The 6-GW goal represents a doubling of the previous 2030 goal of 3 GW. It envisions 1.7 GW of new retail and residential storage plus 3 GW of new bulk storage added to about 1.3 GW of existing storage assets being procured by or under contract with the state as of April 1, 2024, the PSC said on Feb. 13.
Following the adoption this month of its retail and residential implementation plan, the New York State Energy Research and Development Authority expects to make the first of three annual bulk storage solicitations by the end of June for deployment in 2027 and 2028. It plans subsequent storage solicitations in 2026 and 2027 for deployment in 2028 through 2030.
New York has 430 MW of operational battery energy storage capacity as of January, most of it in the central and downstate regions, according to the Aurora report.
Though the average project is 2.5 hours, durations range from 15 minutes to 8 hours, indicating “the state is still trying to figure out the role batteries are going to play,” said Julia Hoos, Aurora’s head of USA East.

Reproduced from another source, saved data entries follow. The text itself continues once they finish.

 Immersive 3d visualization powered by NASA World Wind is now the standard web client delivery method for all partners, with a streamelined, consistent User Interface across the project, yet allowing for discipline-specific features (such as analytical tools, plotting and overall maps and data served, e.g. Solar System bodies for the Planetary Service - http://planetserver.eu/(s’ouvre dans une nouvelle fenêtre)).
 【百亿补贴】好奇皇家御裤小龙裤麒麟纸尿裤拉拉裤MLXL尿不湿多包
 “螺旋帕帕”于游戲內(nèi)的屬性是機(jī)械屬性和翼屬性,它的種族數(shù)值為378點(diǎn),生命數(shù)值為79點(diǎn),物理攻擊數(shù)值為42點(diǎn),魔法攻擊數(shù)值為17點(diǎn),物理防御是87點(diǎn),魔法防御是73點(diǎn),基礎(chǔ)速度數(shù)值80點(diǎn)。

Shorter-duration batteries generally perform ancillary grid services, while longer-duration installations fill capacity and reliability needs, she said.
Following NYISO’s implementation of Federal Energy Regulatory Commission Order 2023, batteries make up nearly half of the 60 GW of projects in its cluster study process, which evaluates projects in groups rather than individually. Batteries also account for 2.5 GW of capacity remaining in the main interconnection queue, according to the Aurora report. Fifty-five percent of main-queue capacity is expected to come online in 2027 and 2028, and 70% is slated for the congested New York City and Long Island grids, Aurora said.

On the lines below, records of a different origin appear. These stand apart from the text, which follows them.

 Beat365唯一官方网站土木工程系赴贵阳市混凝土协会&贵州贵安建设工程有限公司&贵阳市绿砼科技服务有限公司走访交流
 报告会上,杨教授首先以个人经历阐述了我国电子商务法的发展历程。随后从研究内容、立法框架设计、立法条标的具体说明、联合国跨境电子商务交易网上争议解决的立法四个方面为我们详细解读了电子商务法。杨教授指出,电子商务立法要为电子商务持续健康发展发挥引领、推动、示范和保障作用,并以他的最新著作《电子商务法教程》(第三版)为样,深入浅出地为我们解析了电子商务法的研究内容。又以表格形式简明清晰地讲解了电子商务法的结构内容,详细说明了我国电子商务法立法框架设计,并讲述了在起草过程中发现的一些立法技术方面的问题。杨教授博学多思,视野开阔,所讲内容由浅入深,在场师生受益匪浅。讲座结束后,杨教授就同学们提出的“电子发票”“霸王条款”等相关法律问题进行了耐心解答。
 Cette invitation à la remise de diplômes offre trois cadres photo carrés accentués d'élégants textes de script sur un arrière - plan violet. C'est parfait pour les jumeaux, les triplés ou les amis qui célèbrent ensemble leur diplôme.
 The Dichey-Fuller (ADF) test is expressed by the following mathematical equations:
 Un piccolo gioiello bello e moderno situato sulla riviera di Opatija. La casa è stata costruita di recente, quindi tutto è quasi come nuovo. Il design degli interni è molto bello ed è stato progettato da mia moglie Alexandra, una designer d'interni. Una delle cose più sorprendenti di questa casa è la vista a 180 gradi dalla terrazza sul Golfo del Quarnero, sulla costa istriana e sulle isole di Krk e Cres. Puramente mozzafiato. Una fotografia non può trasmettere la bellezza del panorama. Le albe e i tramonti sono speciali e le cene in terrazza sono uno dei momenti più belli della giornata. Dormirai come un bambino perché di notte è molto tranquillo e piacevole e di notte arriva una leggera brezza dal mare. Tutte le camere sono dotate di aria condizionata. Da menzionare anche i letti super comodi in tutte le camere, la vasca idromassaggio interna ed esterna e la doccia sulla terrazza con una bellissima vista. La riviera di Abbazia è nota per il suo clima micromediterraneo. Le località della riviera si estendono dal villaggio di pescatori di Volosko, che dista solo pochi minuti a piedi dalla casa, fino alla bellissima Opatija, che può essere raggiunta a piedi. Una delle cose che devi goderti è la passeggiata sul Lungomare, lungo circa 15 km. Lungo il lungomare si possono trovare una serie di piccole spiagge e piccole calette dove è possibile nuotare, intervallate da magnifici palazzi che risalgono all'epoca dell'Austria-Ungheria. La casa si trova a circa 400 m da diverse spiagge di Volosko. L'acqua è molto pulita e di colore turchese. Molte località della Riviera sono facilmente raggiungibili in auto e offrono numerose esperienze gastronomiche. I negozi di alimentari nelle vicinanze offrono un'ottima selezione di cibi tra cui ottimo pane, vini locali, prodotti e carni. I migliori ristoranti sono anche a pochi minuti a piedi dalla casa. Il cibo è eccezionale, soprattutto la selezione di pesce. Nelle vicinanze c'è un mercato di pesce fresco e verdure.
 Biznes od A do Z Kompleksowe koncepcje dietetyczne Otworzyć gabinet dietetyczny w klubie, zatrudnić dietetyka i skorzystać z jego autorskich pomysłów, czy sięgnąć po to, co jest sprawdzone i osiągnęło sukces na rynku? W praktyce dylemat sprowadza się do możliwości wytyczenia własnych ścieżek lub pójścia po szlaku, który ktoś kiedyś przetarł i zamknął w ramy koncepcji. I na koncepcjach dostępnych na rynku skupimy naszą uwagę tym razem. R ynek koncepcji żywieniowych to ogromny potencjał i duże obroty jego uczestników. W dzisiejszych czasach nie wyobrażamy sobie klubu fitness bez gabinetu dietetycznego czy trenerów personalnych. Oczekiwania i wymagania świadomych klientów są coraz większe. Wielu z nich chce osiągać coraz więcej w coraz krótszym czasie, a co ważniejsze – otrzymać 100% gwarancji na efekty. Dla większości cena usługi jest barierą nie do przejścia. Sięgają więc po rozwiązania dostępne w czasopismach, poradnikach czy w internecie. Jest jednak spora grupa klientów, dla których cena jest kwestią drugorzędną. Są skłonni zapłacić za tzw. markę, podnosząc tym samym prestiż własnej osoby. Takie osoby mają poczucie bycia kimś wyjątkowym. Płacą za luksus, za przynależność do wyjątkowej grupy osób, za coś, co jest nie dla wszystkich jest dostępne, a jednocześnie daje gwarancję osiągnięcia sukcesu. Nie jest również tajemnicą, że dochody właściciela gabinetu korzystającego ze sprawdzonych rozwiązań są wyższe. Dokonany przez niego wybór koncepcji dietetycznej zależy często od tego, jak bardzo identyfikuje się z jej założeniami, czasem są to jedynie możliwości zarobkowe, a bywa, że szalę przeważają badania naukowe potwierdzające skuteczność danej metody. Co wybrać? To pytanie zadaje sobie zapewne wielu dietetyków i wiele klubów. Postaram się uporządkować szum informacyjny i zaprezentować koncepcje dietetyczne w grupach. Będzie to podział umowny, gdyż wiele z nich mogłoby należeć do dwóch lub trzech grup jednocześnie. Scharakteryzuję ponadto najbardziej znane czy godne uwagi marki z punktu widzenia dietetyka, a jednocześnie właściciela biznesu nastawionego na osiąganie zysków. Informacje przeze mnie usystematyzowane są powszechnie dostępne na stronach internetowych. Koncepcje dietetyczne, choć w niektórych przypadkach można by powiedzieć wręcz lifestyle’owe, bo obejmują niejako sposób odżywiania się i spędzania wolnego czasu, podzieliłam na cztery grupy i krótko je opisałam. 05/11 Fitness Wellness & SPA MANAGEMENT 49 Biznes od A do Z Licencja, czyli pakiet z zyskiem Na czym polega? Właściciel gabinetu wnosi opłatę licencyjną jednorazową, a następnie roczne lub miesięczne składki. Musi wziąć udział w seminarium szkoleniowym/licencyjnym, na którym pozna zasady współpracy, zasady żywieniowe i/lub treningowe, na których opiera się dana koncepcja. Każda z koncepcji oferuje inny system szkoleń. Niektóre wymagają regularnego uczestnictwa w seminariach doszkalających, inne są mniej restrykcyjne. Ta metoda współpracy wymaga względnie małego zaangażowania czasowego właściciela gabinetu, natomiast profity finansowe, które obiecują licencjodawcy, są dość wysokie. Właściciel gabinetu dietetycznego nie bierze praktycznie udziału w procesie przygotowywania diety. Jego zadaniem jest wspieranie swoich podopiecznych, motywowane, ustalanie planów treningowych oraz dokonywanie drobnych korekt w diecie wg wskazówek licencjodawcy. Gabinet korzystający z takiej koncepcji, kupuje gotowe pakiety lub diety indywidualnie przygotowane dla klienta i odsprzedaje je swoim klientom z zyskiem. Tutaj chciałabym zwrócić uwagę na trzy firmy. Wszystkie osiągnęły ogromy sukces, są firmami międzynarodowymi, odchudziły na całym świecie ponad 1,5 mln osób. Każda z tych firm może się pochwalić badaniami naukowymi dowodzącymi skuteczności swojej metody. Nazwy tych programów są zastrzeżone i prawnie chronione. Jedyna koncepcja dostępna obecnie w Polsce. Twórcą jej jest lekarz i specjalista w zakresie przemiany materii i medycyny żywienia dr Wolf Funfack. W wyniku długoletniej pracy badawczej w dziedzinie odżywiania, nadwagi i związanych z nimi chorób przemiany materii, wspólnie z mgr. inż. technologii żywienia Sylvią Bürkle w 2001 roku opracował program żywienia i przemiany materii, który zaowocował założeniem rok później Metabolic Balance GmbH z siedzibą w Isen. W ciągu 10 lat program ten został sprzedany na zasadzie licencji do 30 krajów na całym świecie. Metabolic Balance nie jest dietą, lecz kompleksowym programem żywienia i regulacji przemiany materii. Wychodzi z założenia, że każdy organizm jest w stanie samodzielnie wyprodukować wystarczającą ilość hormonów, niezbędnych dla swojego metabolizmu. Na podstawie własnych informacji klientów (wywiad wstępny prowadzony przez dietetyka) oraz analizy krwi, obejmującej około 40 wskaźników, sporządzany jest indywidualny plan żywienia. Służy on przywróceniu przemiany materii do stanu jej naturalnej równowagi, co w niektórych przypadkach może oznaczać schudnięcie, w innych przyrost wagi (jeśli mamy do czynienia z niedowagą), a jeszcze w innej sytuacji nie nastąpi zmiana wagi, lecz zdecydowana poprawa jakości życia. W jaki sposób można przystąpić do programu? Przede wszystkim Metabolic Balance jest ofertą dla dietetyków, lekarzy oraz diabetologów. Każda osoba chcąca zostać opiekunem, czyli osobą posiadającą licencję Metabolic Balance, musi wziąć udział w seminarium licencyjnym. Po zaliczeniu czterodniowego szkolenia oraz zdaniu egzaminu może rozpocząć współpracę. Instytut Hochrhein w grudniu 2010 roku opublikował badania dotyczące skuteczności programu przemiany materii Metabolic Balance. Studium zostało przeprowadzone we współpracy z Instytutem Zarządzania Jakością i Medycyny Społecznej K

While the main NYISO interconnection queue is proportionally smaller than the nationwide queue, where capacity awaiting interconnection exceeds total installed capacity, New York’s queued storage projects are generally less speculative, Hoos said.

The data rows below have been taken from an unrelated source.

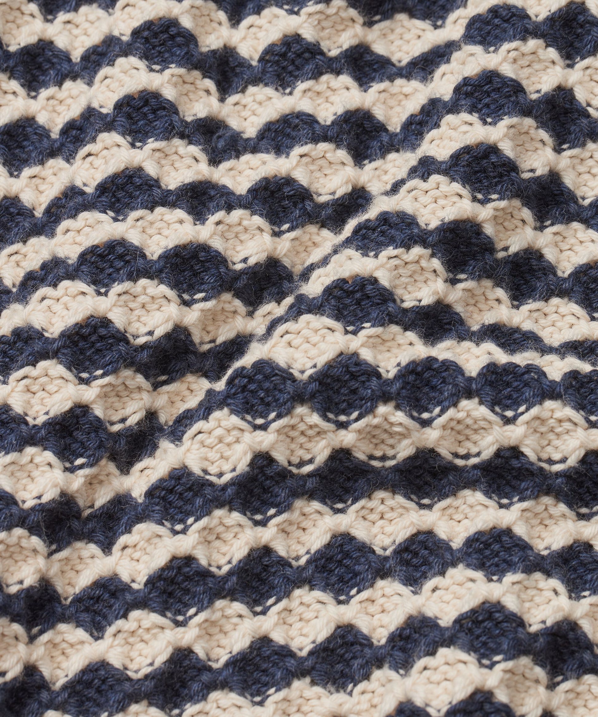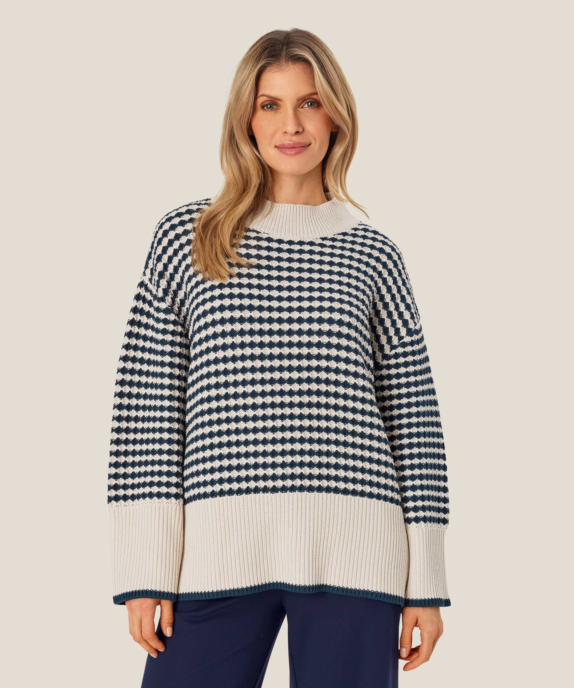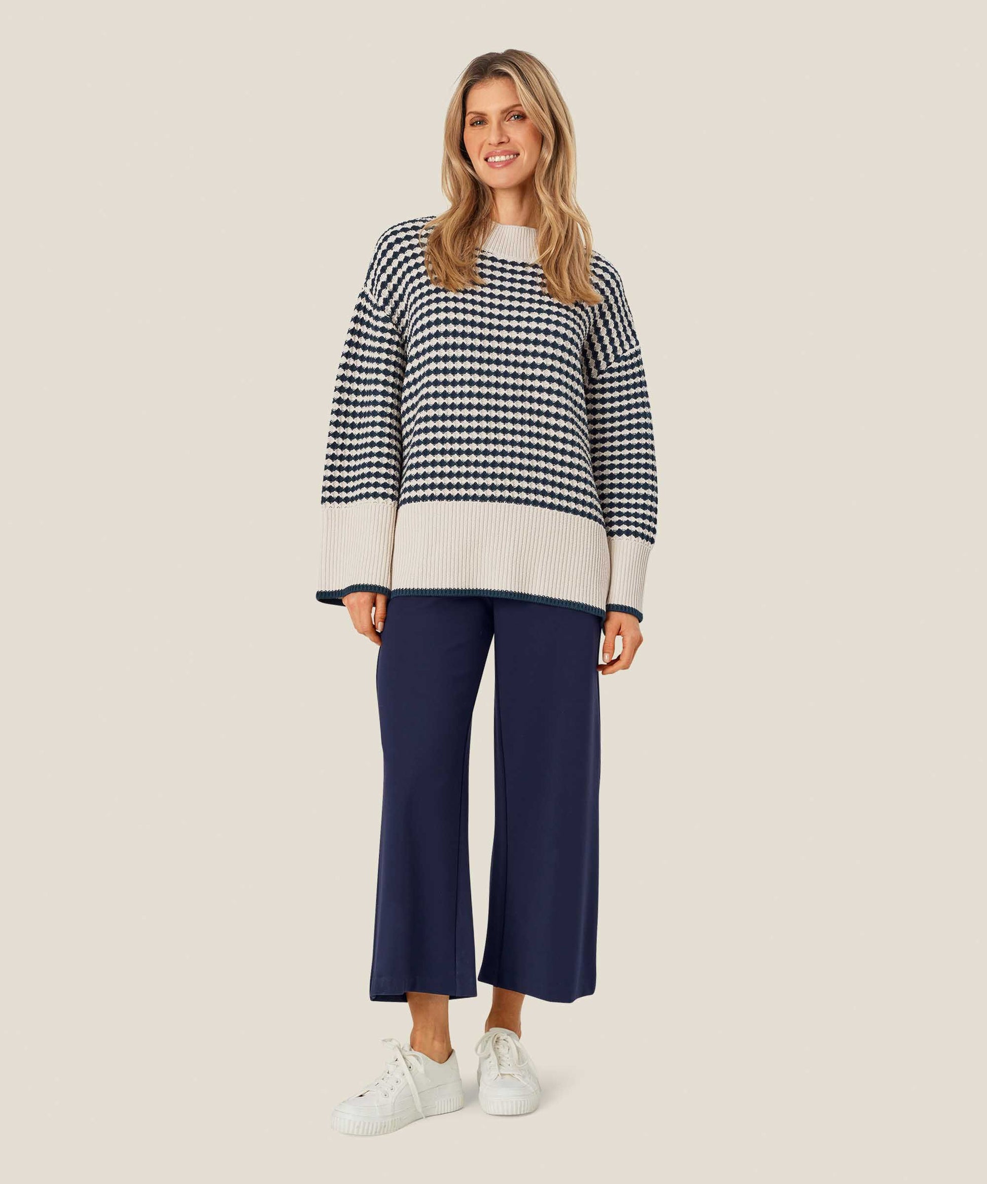 This off-white knit is love at first sight. The combination of chunky knit and dark blue details makes it perfect for an effortless transitional look. The top has a classic cut that provides generous comfort and is designed with a high neck and many delicate details. In all its simplicity, it is easy to style: Pair it with jeans, trousers or a skirt, and keep warm with style.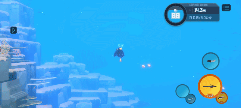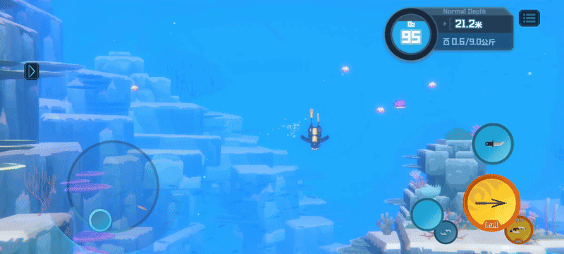 不过有些潜水员尝试过后,感觉当前的加速操作不够明显,容易发生未察觉自己已在加速的情况,进而提出了将加速移动制作一个单独按键的建议。我们征询了内测试玩过的潜水员与和核聚变现场试玩的反馈,不过并未达成统一的倾向:一部分潜水员觉得单摇杆操作方便易上手,而另一部分玩家则觉得单独按键不易误触、更明确自己是否在加速中。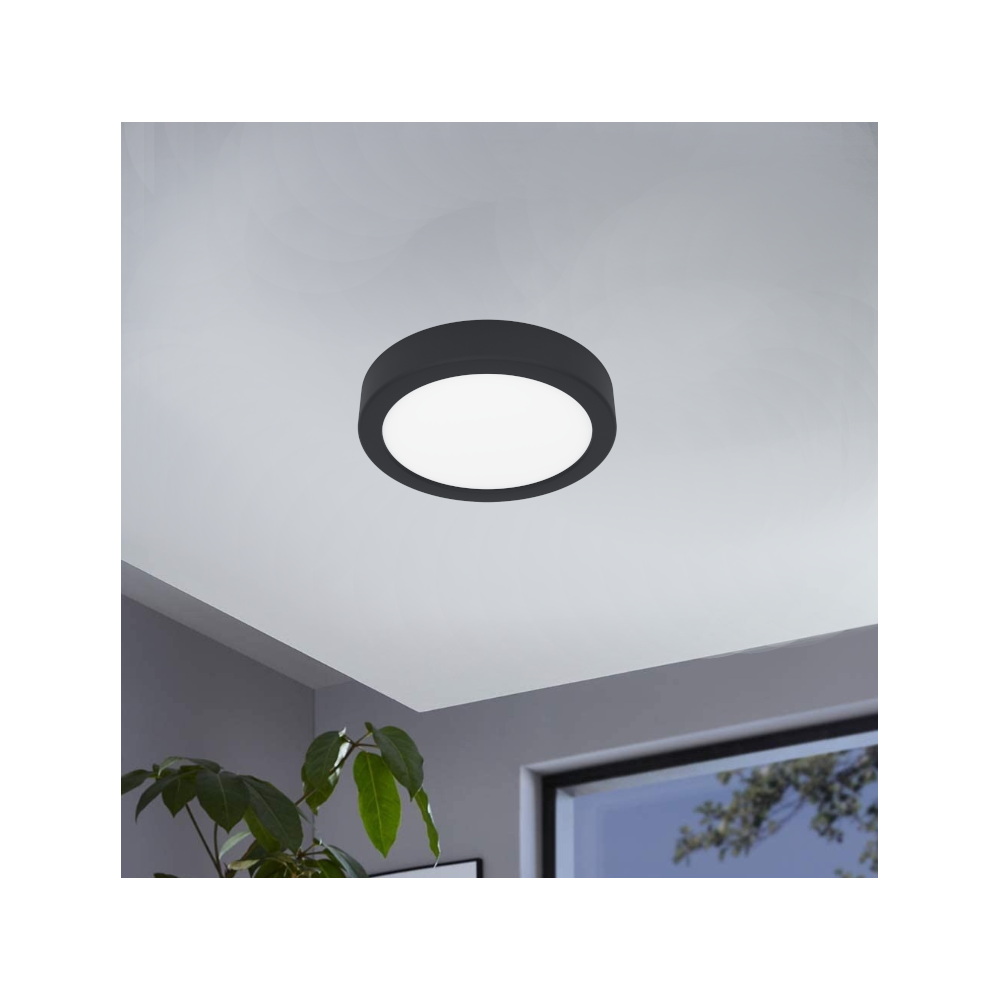 LED mennyezeti lámpa fekete színben; 11W, 1350LM, 3000K, IP44.

“If they’re in the queue right now, they’re pretty mature and likely to come online,” she said.
New York must deploy new energy storage resources at scale to zero out power-sector emissions by 2040, as required by state law, Hoos said. By then, Aurora’s “merchant base case” scenario envisions 30 GW of flexible resources — including batteries and thermal peaking resources — supplying New York’s grid alongside 17 GW of offshore wind capacity.
A slower-than-expected ramp for the offshore wind industry may require heavier state support for longer-duration energy storage resources to meet the state’s storage goals, Hoos said. But even in a scenario where offshore wind development continues apace, its comparatively steady generation profile — with lower intraday volatility — makes the case for merchant energy storage less appealing than in solar-saturated markets like California and Texas, necessitating continued reliance on capacity markets and state offtake through the competitive Index Storage Credit mechanism, she added.
Nevertheless, “many of the developers we work with are starting to believe there’s a merchant or uncontracted case [for battery storage] downstate in the next couple of years … especially with less transmission being built between upstate and downstate,” Hoos said.
In December, New York and members of a public-private joint venture mutually agreed to cancel their contract for a 175-mile transmission line slated to bring nearly 5 GW of zero-emissions power into New York City by 2027.
At the same time, storage developers are pursuing “more creative solutions” for utility-scale storage deployments, like Arclight’s planned 15 MW/60 MWh battery installation replacing a retiring thermal unit at the Arthur Kill power plant on Staten Island, Hoos said.
“They have to build something, and they’ve said they don’t want it to be gas,” she said.